Apologies for the delayed response. Busy afternoon. I don't have a good answer for your question. All I know is that the post-hoc analysis of ASSURE and the data presented in the patent was very impressive to me as evidence of synergy. Most of the data in the patent is related to the reductions in the percent atheroma volume (PAV); apabetalone+rosuvastatin elicited a 1.43% to 2.04% reduction in PAV  (depending on rosuvastatin dose) in just 6 months in those patients with below median HDL-C (<39 mg/dL), whereas rosuvastatin alone elicited only ~0.6% reduction. That's impressive!
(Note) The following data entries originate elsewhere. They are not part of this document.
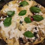 - Breek de eitjes en roer ze los, kruid met kerrie poeder en pezo. Giet het mengsel over het aardappel/groenten mengsel en verkruimel de feta erover. Zet het deksel op de pan en zet het vuur laag, gaar 20 minuten of tot de eitjes zijn gestold.
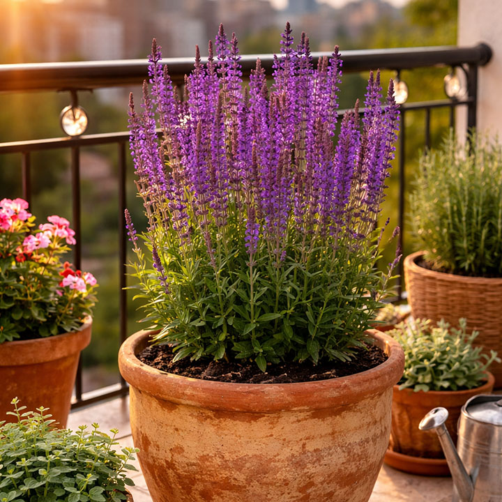 That depends on your climate and the style you want. Mediterranean planting may include rosemary, lavender, olives, and citrus. Native planting may include westringia, lomandra, scaevola, and pigface. Cottage balconies often use roses, salvia, and alyssum, while tropical balconies suit cordylines, philodendrons, and bromeliads.
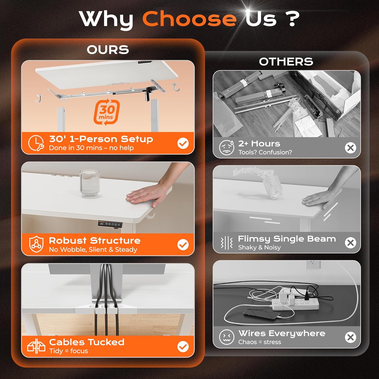 - ăBuilt to Last with Exceptional StabilityăThe industrial-grade steel frame and T-shaped design of the stand up desk support up to 220 lbs, ensuring stability and reliability for years to come. Paired with a durable motor, this home office desk is designed to meet the demands of your dynamic workday
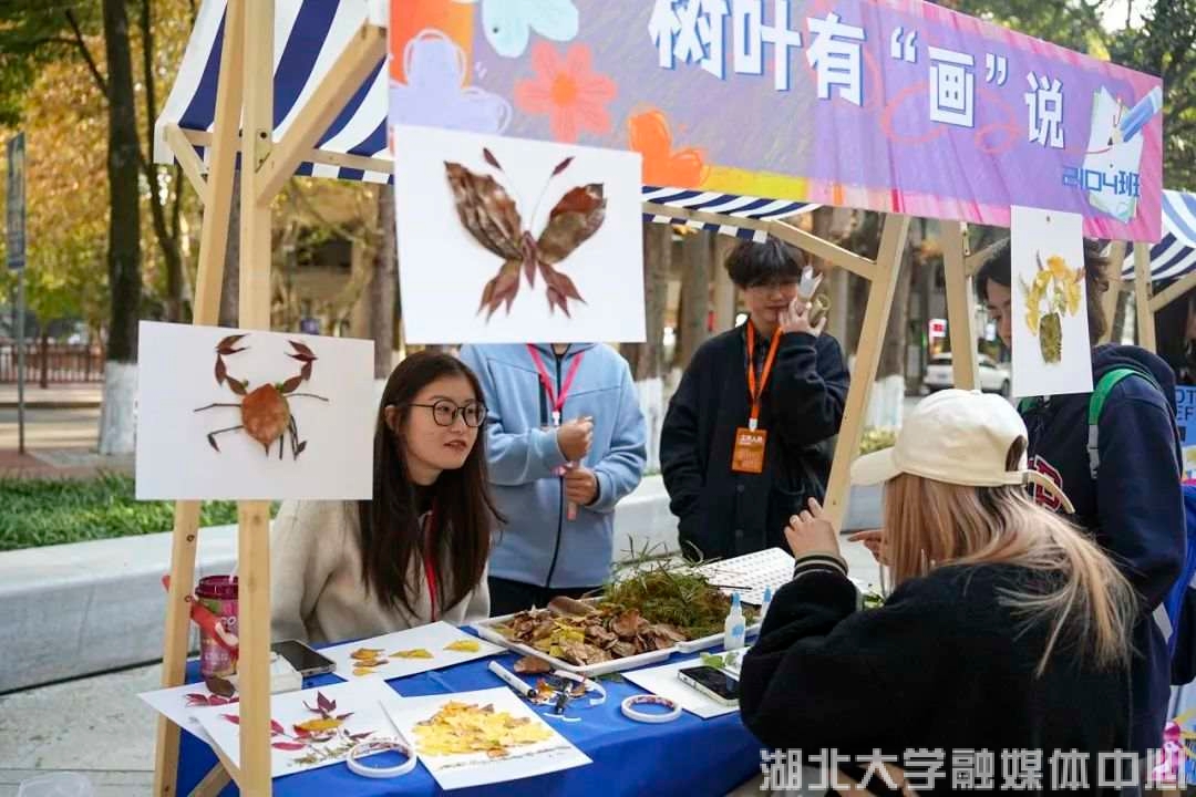 在树叶有“画”说的展位前,几名学生正有说有笑地用各式树叶和枯枝摆造型,十几分钟后,插满金灿灿银杏树叶的花瓶、张牙舞爪的螃蟹……出现在同学们面前。负责展位的艺术学院2104班班长张有福说“为了让同学们发现大自然的美好,我们在校内捡拾了好久,收集到各式各样的落叶,长短不一的枯枝,更多选择,更多创意”。
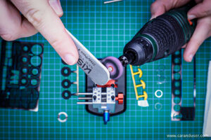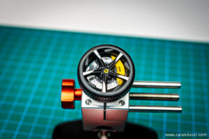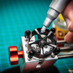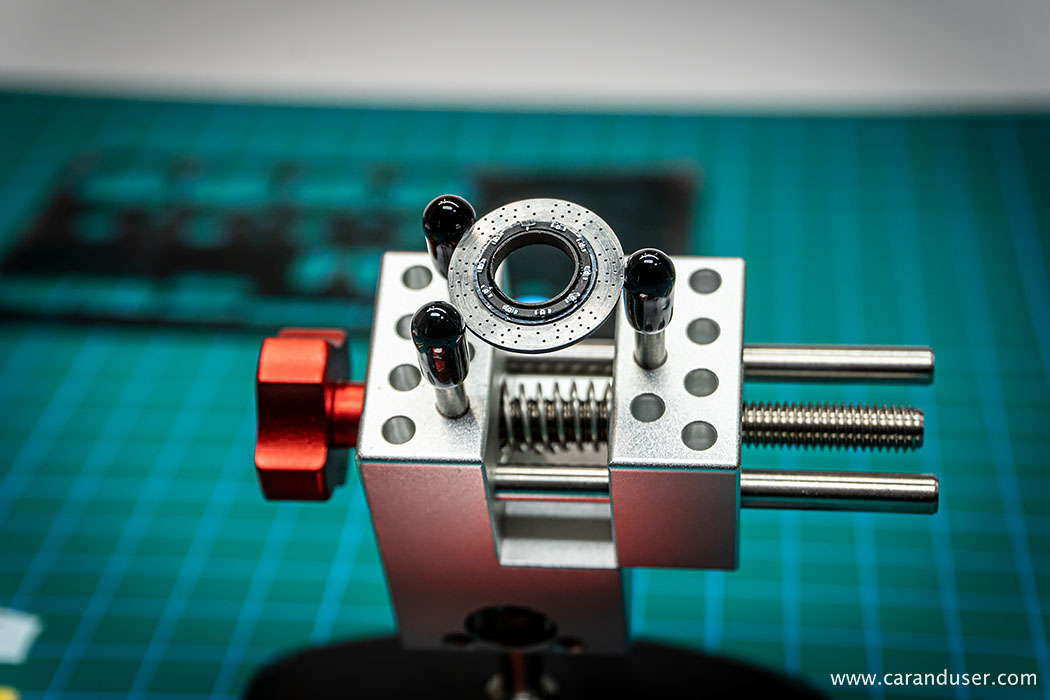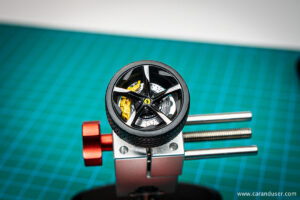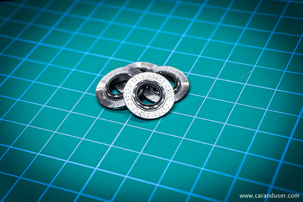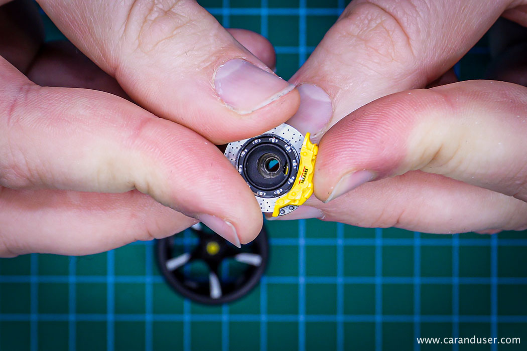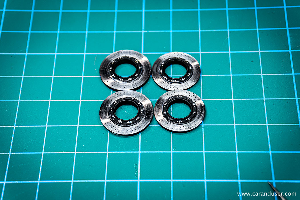 Tudi tokrat so pri Alpha Model vključili kovinske zavorne kolute, ker pa so surovi zavorni koluti videti precej svetleče in so na njih prezračevalne luknje skoraj nevidne, smo jih v koraku barvanja prav tako pobarvali z mat črno barvo. Tako obarvane kolute namestimo na vrtalnik in jim s pomočjo pilice za nohte zagotovimo malce “obrabe”, postopek obdelave zavornih kolutov in ostale detajle tokratnega prispevka si lahko, kot ponavadi, ogledate v priloženem videu.
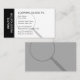 Visitenkarteschablone des privaten Auges einschließlich eine Lupe im Hintergrund in einem Schwarzweiss-Entwurf. Entworfen für einen Detektiv, einen privaten Detektiv oder einen Sprungshändler.
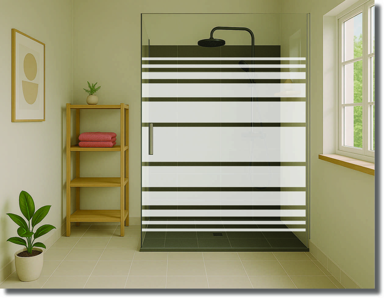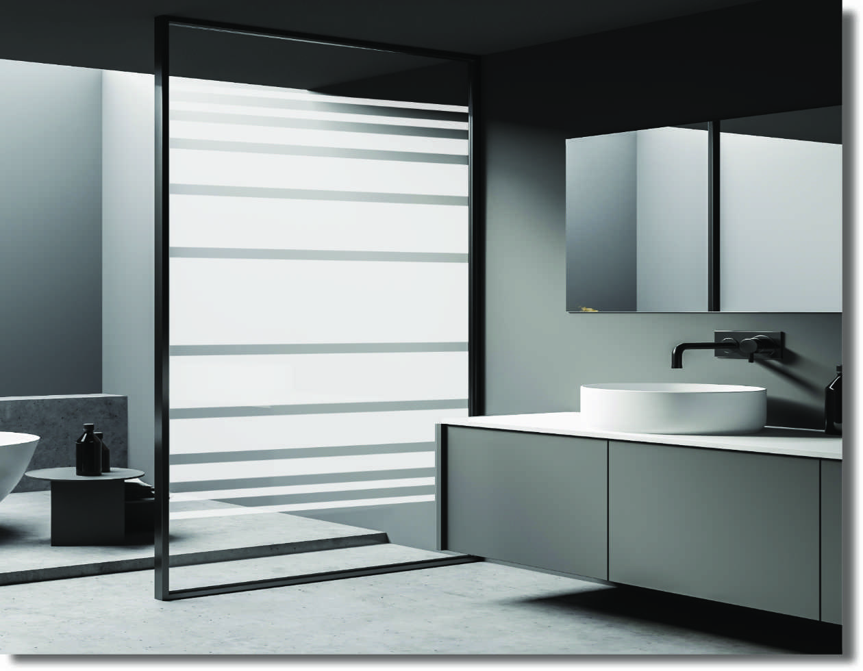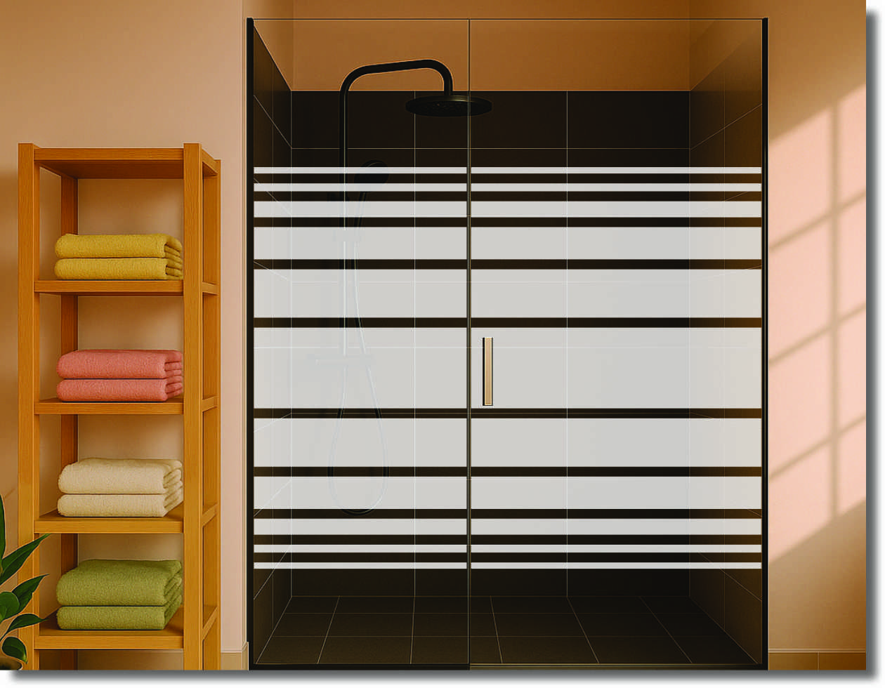 Startseite » Fenster- & Glasfolien - Standard Maß » Duschdekorfolie „Kontraststreifen“ – moderner Sichtschutz
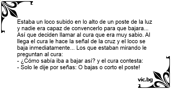 Así que deciden llamar al cura que era muy sabio. Al llega el cura le hace la señal de la cruz y el lосо se baja inmediatamente... Los que estaban mirando le preguntan al cura:
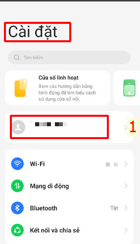 Trên giao diện vào Cài đặt à Click chọn vào tài khoản
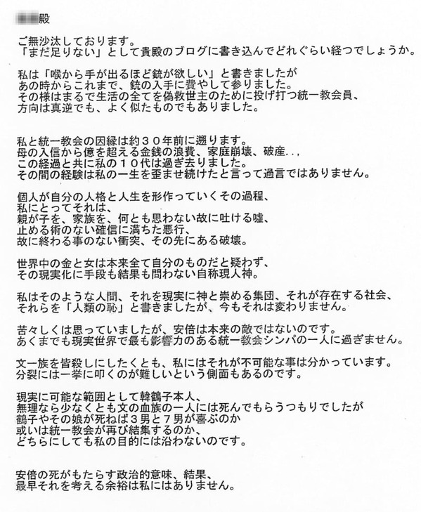 山上容疑者が事件直前に書き残した手紙がヤバいと話題に(画像)【安倍元首相銃撃事件】
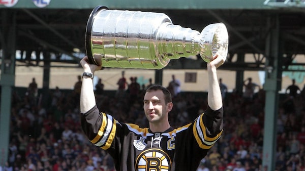 Boston Bruins Zdeno Chara holds up the Stanley Cup during a tribute to the Bruins before an interleague baseball game between the Boston Red Sox and the Milwaukee Brewers in Boston, Sunday, June 19, 2011. (AP Photo/Michael Dwyer)Michael Dwyer/The Associated Press
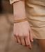 Das Armband ist aus (vergoldetem) Edelstahl gefertigt. Es besteht aus hochwertigen Materialien, aber achten Sie auf Produkte wie Parfum, Sonnencreme und Bodylotion. Für ein Handgelenkmaß zwischen 16 und 18,5 cm. Dieses Armband ist in der Größe verstellbar
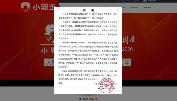 据报道,小霸王文化发展有限公司被申请破产重整,申请人为殷小云。但事实上,这只是一个乌龙,不久后,受 “小霸王”品牌持有人委托,广东益华集团投资有限公司在小霸王官网上发表声明称,近期 “小霸王被申请破产”的小霸王实际上是小霸王文化发展有限公司,系曾与小霸王合作的第三方经营运作 VR 产品开发方,现与 “小霸王”品牌或产品无任何关联。
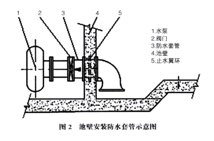 為確保管道與池壁接觸處防水效果以及避免水泵等設(shè)備運(yùn)行時(shí)產(chǎn)生振動(dòng)使接觸處松動(dòng),安裝帶有止水翼環(huán)(如圖1中⑩所示)的防水套管(如圖1中⑥所示)。防水套管的安裝與模板、鋼筋的施工同步進(jìn)行,密切配合,做到高程、位置完全準(zhǔn)確,安裝牢固。套管穿越處池壁中的鋼筋彎曲或截?cái)鄷r(shí),鋼筋與套管焊接相連,套管四周按設(shè)計(jì)要求安裝加同筋。防水套管施工如圖2所示。
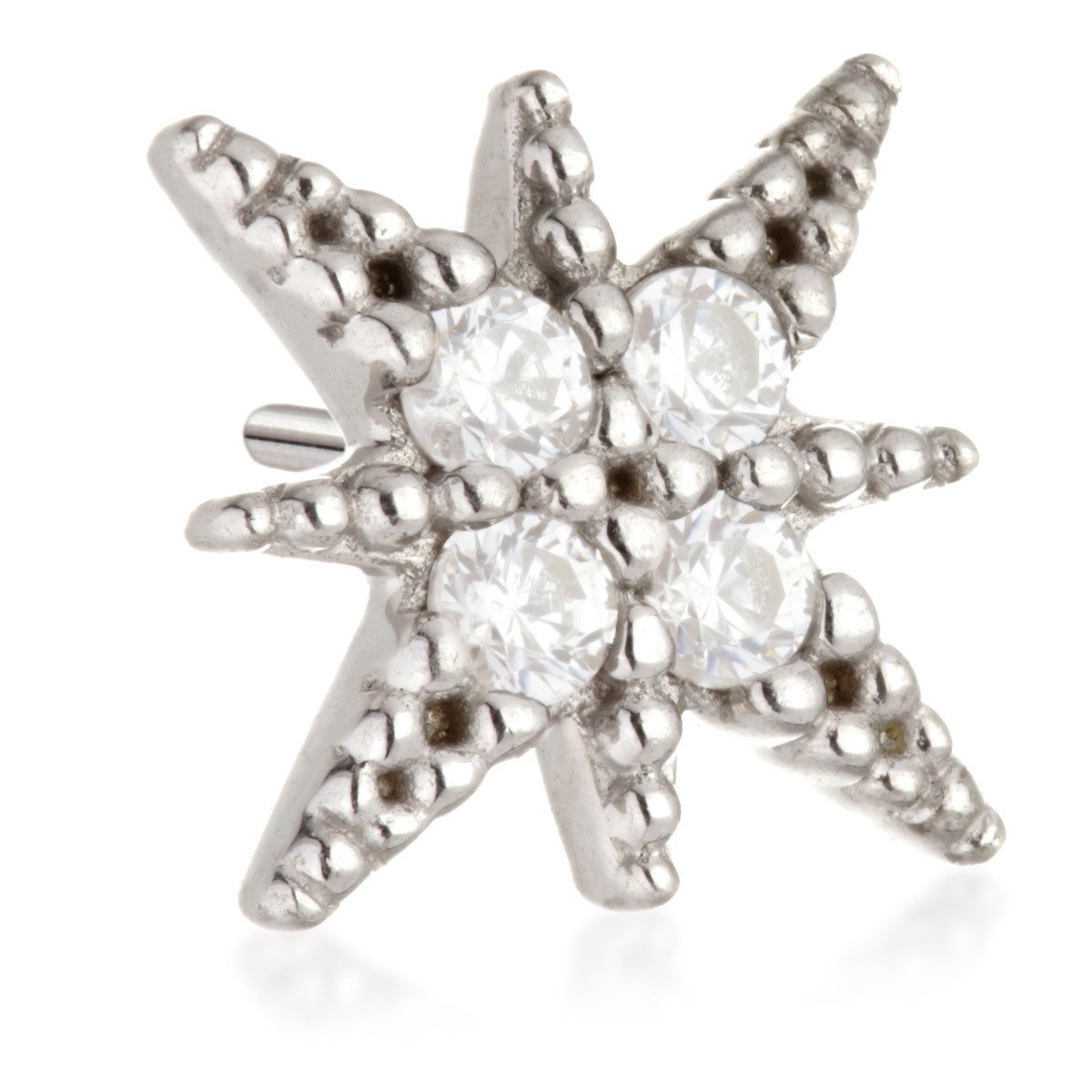 TISH LYON® 14ct Gold Gem North Star Pin Attachment Attachment Size: 7mm Gold Colour: Yellow or White Gem Colour: Crystal 316L Surgical Steel Pin Suitable for initial piercing
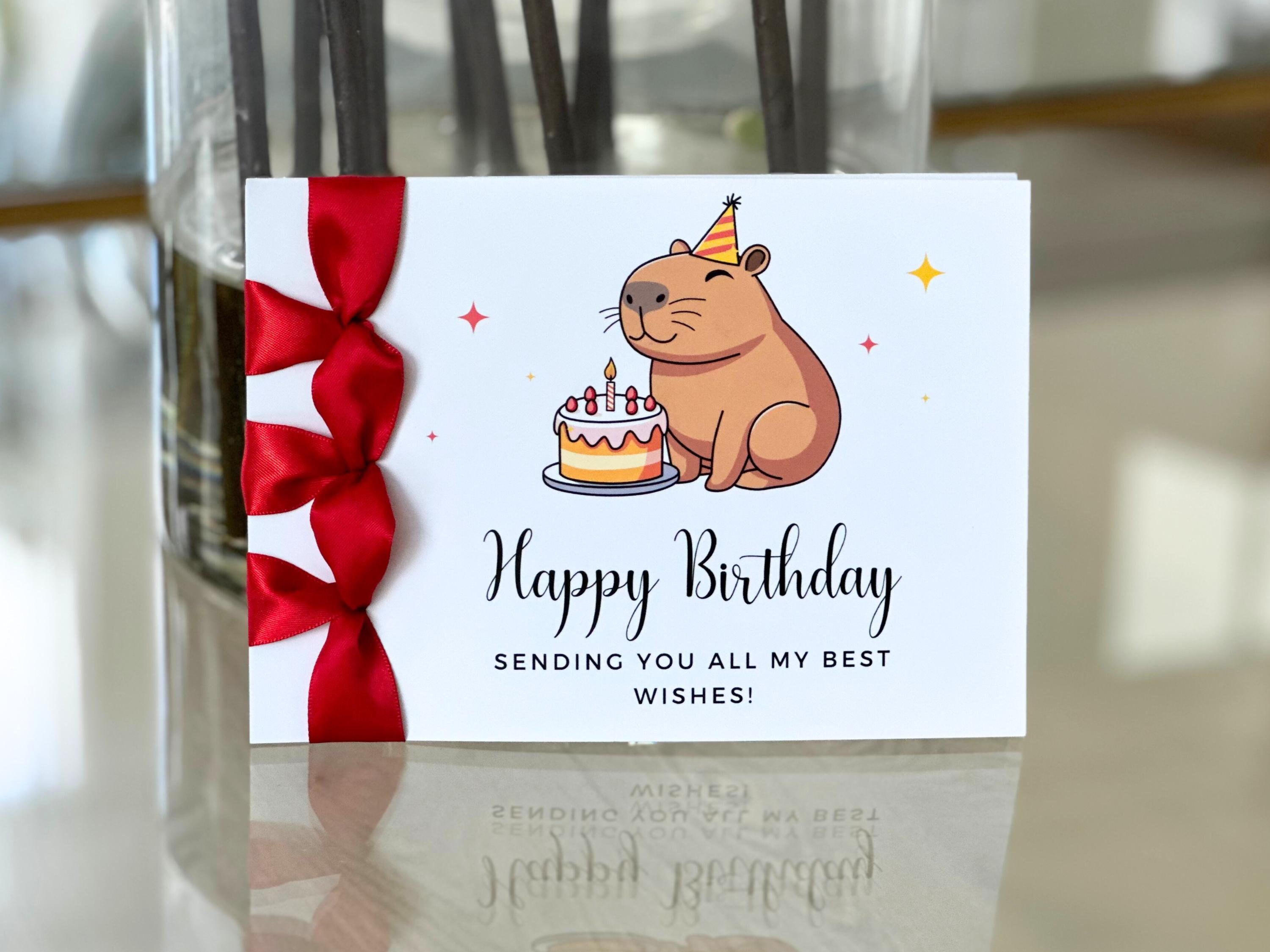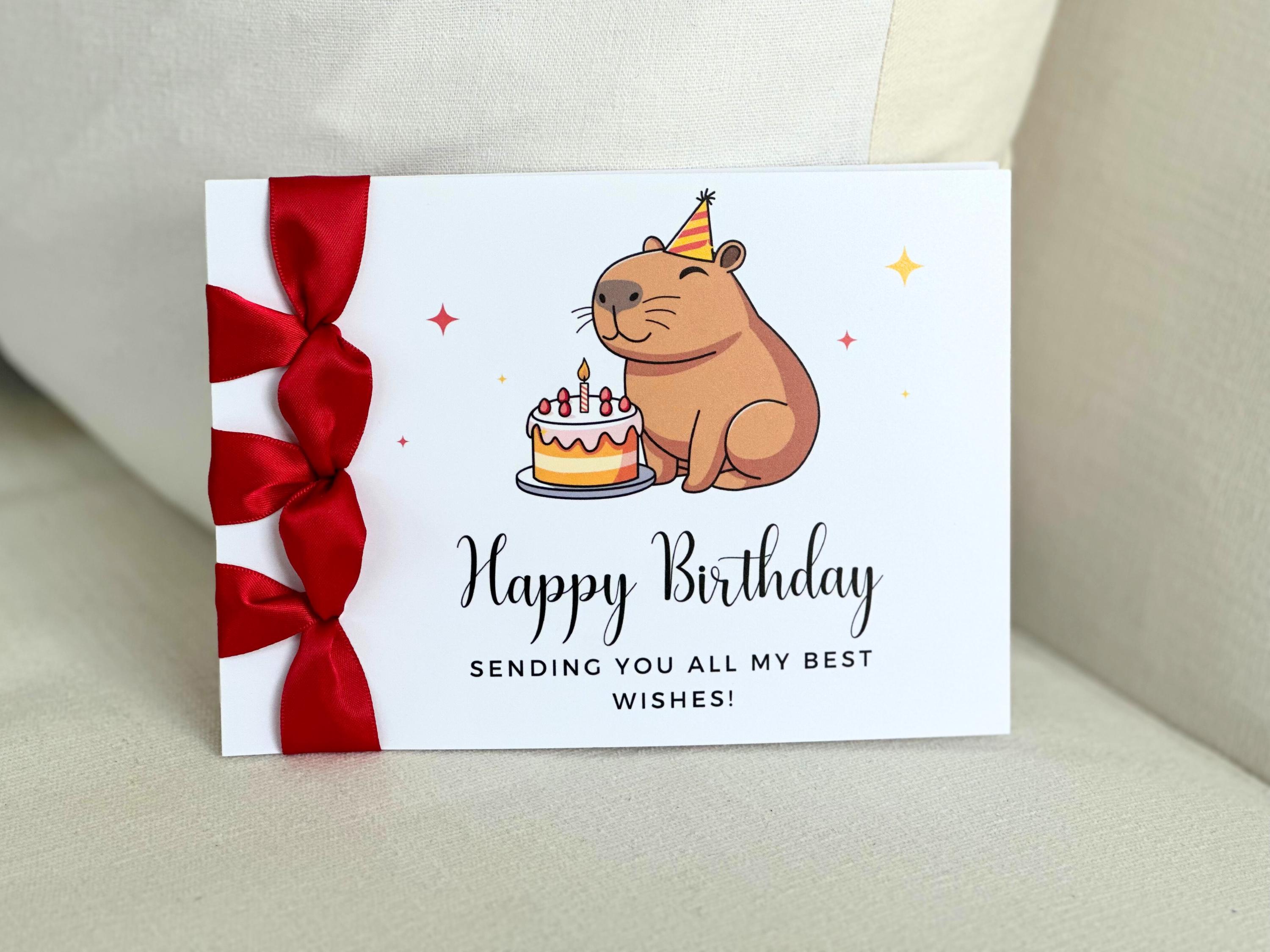 Handmade Capybara Birthday Card, Satin Ribbon, Personalized Luxury Card
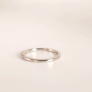 This exquisite ring features 0.15 ct moissanite diamonds that sparkle brilliantly and are sure to complement any engagement ring. This stunning band is crafted from 925 silver, making it durable and long-lasting.

In BETonMACE, all patients will be low-HDL and according to the BETonMACE design poster have a median of 33 mg/dL. The key apabetalone responder group seems to be low-HDL and rosuvastatin, with better plaque reduction seen in the higher rosuvastatin doses. High-dose statin thereapy is standard of care for these acute ACS patients in BETonMACE. 46% of BETonMACE patients will be on high dose rosuvastatin (20 mg or 40 mg per day rosuvastatin) according to the BETonMACE design poster.  

There is some MACE data in the patent (Figures 6 and 7), but as I've mentioned before this is 5-point MACE, most of the events tallied were not the hard 3-point MACE, and this is all based upon a pretty small number of event observations. So lots of caveats. But that graph in Figure 7 showing the 17.4% (rosuvastatin, low-HDL-C) vs. 1.6% (rosuvastatin+apabetalone, low-HDL-C) cumulative MACE event rate is quite sweet to think about potentially replicating in BETonMACE for 3-point MACE!